Sex, song, and liberated women - Sean Tyrrell on The Midnight Court

WHILE OUT for a walk, a poet is accosted by a giant hag and hauled before the court of Queen Aoibheal, where he is condemned for being unmarried and Irish men and priests are given the thumbs down not satisfying the sexual needs of the women of Ireland.

This is Brian Merriman’s celebrated The Midnight Court/Cuirt an Mhean Oiche. Dating from the late 1700s, it is one of the greatest and funniest works of Irish literature.

Cuirt an Mhean Oiche has also been an enormously influential work for writers such as Flann O’Brian, Seamus Heaney, and Thomas Kinsella, artist Pauline Bewick, and modern Irish funk-soul band the Republic of Loose.

However, it’s most famous re-interpretation both in words and music is from the great Galway born folk-singer Sean Tyrrell. Sean’s highly acclaimed show The Midnight Court will be performed in The Crane Bar on Saturday November 8 at 7pm as part of Spirit Of Voice 2008 festival.

On the night Sean will be joined by multi-instrumentalist Johnny Mullins and they will perform the songs Sean wrote inspired by and telling the entire story of the poem. On the stage will also be three large reproductions from Pauline Bewick’s own series of interpretation of The Midnight Court - Queen Aoibheal, the man, and the woman.

“I got a call to perform some songs from my show The Midnight Court at the opening of Pauline’s exhibition in Waterford and in Kenny’s,” Sean tells me during our Tuesday afternoon conversation. “I got an amazing response to the songs and Pauline loved them.

I asked her if I could use the three paintings and she said yes. Those three paintings spoke to me of what was being said in the poem. In the show I address the woman in the picture when singing about the women and to the man when singing to the men.”

Sean has enjoyed great success and critical acclaim since he first performed The Midnight Court as a stage show in the Galway Arts Festival in 1992. He has since brought it all over Ireland and to the Edinburgh Festival.
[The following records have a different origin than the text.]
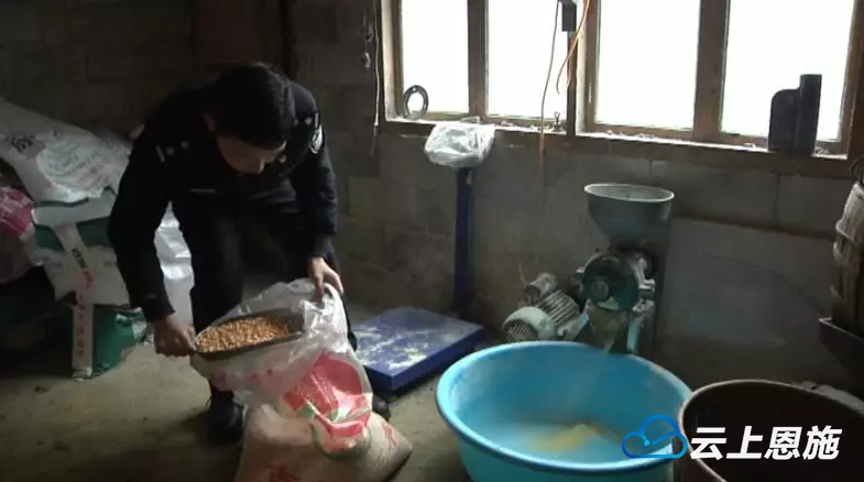 来到韩老汉家,空荡荡的屋里确实没人,他儿女都在外地务工,家里的猪和鸡确实需要人照看。韩老汉紧张之下手忙脚乱喂食,民警上前给他帮忙,帮他把苞谷粉碎好,配好饲料,并帮他把鸡从山上全部抓回来关到鸡圈,把猪全部喂好,最后才带着他离开。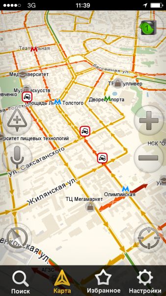 Софтовый калейдоскоп! Дорожная классика от «Яндекс-Навигатор».В огромном множестве программ с разнообразнейшими картами и схемами городов простым людям подчас разобраться довольно сложно. Скачивая очередное раскрученное приложение с анонсированными супер-возможностями, уверенным в том, что оно идеально подойдет любому автомобилисту, быть нельзя. Именно поэтому знающие пользователи, наученные горьким опытом «общения» с такого рода программами, предпочитают старую добрую классику. Среди которой приложение «Яндекс-Навигатор» - признанный лидер хотя бы потому, что его разработчики занимаются виртуальным делом картографирования уже без малого лет десять, и множество интересных «фишек», которые клонируются затем во всех приложениях-навигаторах, было придумано именно ими. То, что в работе с «Яндекс-Навигатором» серьезных проблем не возникнет даже у ребенка, становится понятно сразу же после загрузки программы. Автоматически (через интернет-соединение) определив месторасположение пользователя (вариант автономной работы предусмотрен только после предварительной загрузки кэш-информации о родном городе – вне сети будут показываться только пробки и поиск заведений), «Яндекс-навигатор» загрузит «народную» карту, переключить которую на схему или спутниковый вид можно через специальное меню. Собственно, через это всплывающее меню (его можно найти в правом нижнем углу в категории «настройки») и ведется вся оперативно-навигационная работа. В нем находится ряд стандартных категорий, которые в любое время можно без проблем настроить на свой вкус. Помимо типа карты и автоматического определения севера в меню «Дорожные события» можно включить все фирменные яндексовские вспомогательные фишки: места ДТП и дорожные работы, веб-камеры и перекрытия, и, конечно же, любимые приколистами «Разговорчики». Отметить на карте то или иное событие тоже несложно – для этого достаточно нажать на располагающийся прямо на карте прозрачный значок с плюсиком. В настройках также можно выбрать автоматическое затемнение карты в ночное время суток и голос (мужской или женский), который помогает ориентироваться во время прокладки маршрута. Отсюда же через меню настроек производится и все управление картами (на выбор предоставляется возможность скачивания всех более или менее значимых мегаполисов России, Украины и Казахстана). Их можно добавить себе на гаджет как в полном режиме - со всевозможной информацией о городе, так и в обзорном варианте. Стоит отметить, что полные карты довольно большие по своему размеру и загружать их стоит аккуратно, ориентируясь на объем доступной памяти смартфона. После скачивания всей доступной информации о том или ином городе, данные можно спокойно вынести на карту-схему через меню «Поиск» (оно находится слева во всплывающем меню). И чего тут только «Яндекс-Навигатор» не предлагает: кафе-рестораны, аптеки, магазины и салоны, банкоматы, кинотеатры и прочее важное в любой городской инфраструктуре. Всю необходимую информацию, расположенную на виртуальной карте, можно сохранить в приложении через меню «Избранное». Отдельного упоминания достойна и возможность построения маршрута из точки «А» в точку «Б»: она в «Яндекс-Навигаторе» «адекватна» на все 100 % - учитывает специфику местности и улиц и даже предлагает альтерна
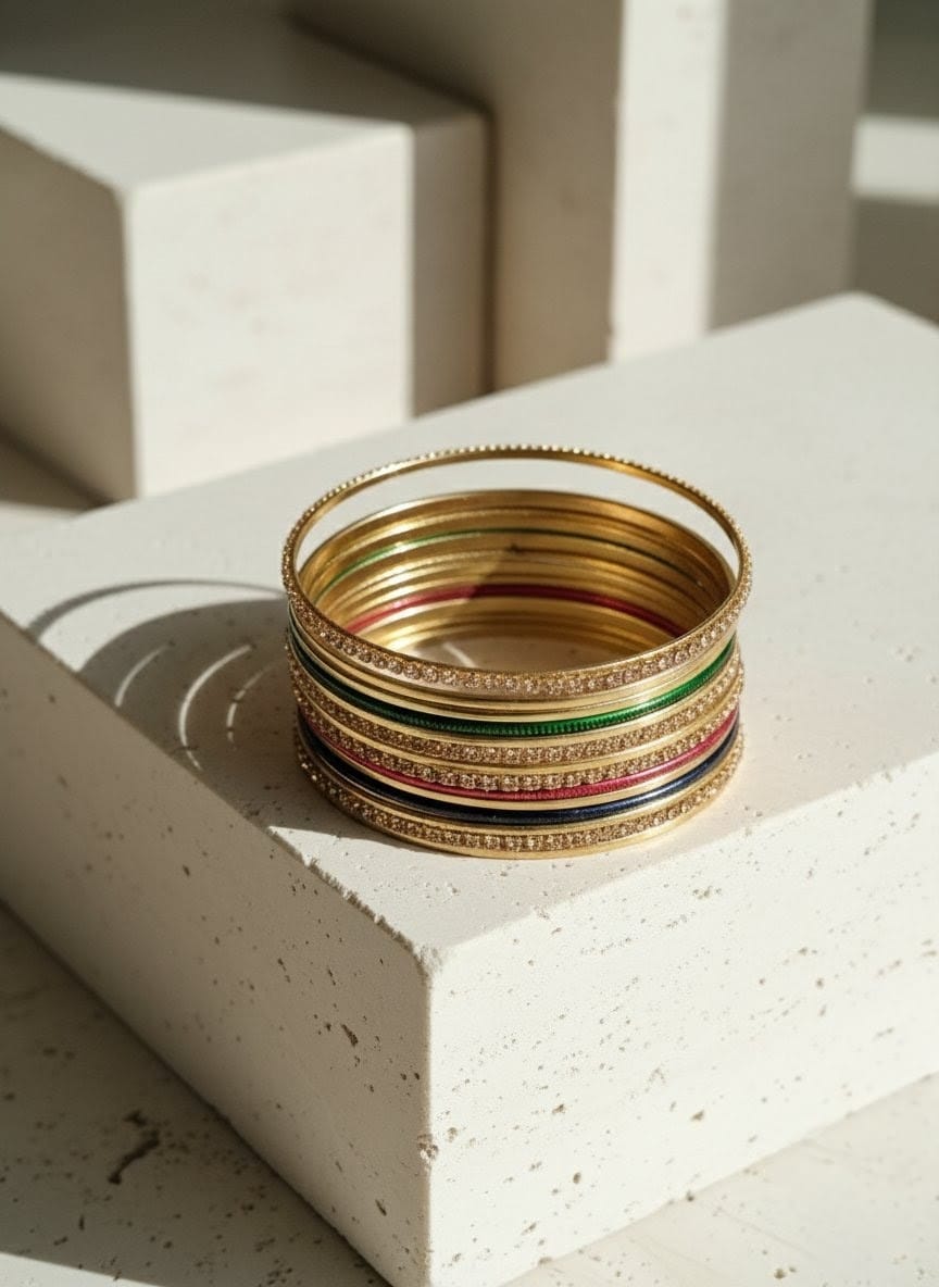 Add a touch of sparkle to your look with this multicolor gold metal bangle set, designed to blend traditional charm with modern elegance. Crafted from premium-quality metal and finished in rich golden tones, these bangles are perfect for festive occasions, weddings, and everyday wear.

His dream is to next perform it in the USA.

“I’m just back from playing the States and I did some songs from it over there,” says Sean. “People say it won’t be understood outside of Ireland but I say women and men are the same the world over.”

Back to the beginning though, when did Sean come across the poem? He had touched upon its opening verses in school but it was only later when he read the entire thing.

“Many years ago I was working in a youth hostel in Killarney and I found a translation there by David Marcus and I brought it with me when I left,” he says. “I’m always sorry I mislaid it in the telephone box that used to be on O’Brien’s bridge.

“When I went to Clare I bought another copy of it. I thought I might get a few comedy songs from it but then I found I was putting the whole thing to music. I must have sat on it for several years before I approached Maeliosa Stafford in 1992 about staging it in Druid. It went on to become one of the hits at that year’s arts festival.”

Cuirt an Mhean Oiche is most famous for its sexual frankness and ribaldry. Also its tackling of issues such as female sexuality and clerical celibacy continue to make it relevant and modern. In this great battle of the sexes, Sean is very clear whose side he is on.

“It’s a feminist statement written by a man and put to music by another man,” he says. “There’s the slagging between the men and the women and Queen Aoibheal pronounces in favour of the women. There is politics in there as well: ‘Our country raped and looking a coward’. It’s timeless.

“During the show we segregate the audience to get a battle royal going. In Druid during the first performance of the show a woman’s shoe hit me in the chest so it can get the passions going.”

Does Sean feel Cuirt an Mhean Oiche gives us an insight into an Ireland that English Victorian imperialism and Irish Catholic prudishness wanted to sweep under the carpet?

“Brian Merriman wasn’t very prudish and didn’t care to much for the morals of his time and I care less for them as they are now!” declares Sean. “I remember we wanted to stage it in the Town Hall one year around Easter. Mike Diskin was the manager at the time and he suggested starting it on a Good Friday. I said ‘Wait! Are you sure?’ There ended up being uproar from the clergy but I was even more delighted when I found it was a Protestant minister who was making the complaints. ‘We’re offending all sides’ I thought and that made me happy. It was the best publicity as we had three nights’ full houses.”

What does Sean feel are the qualities that make Merriman’s work so influential and inspirational to so many different kinds of Irish musicians, artists, and writers?

“Merriman was an accomplished fiddler so he was writing to the metre of music in his head,” he says. “The poem also appeals to the anarchy in us all. His approach is so off the wall for his time and off the wall even now.”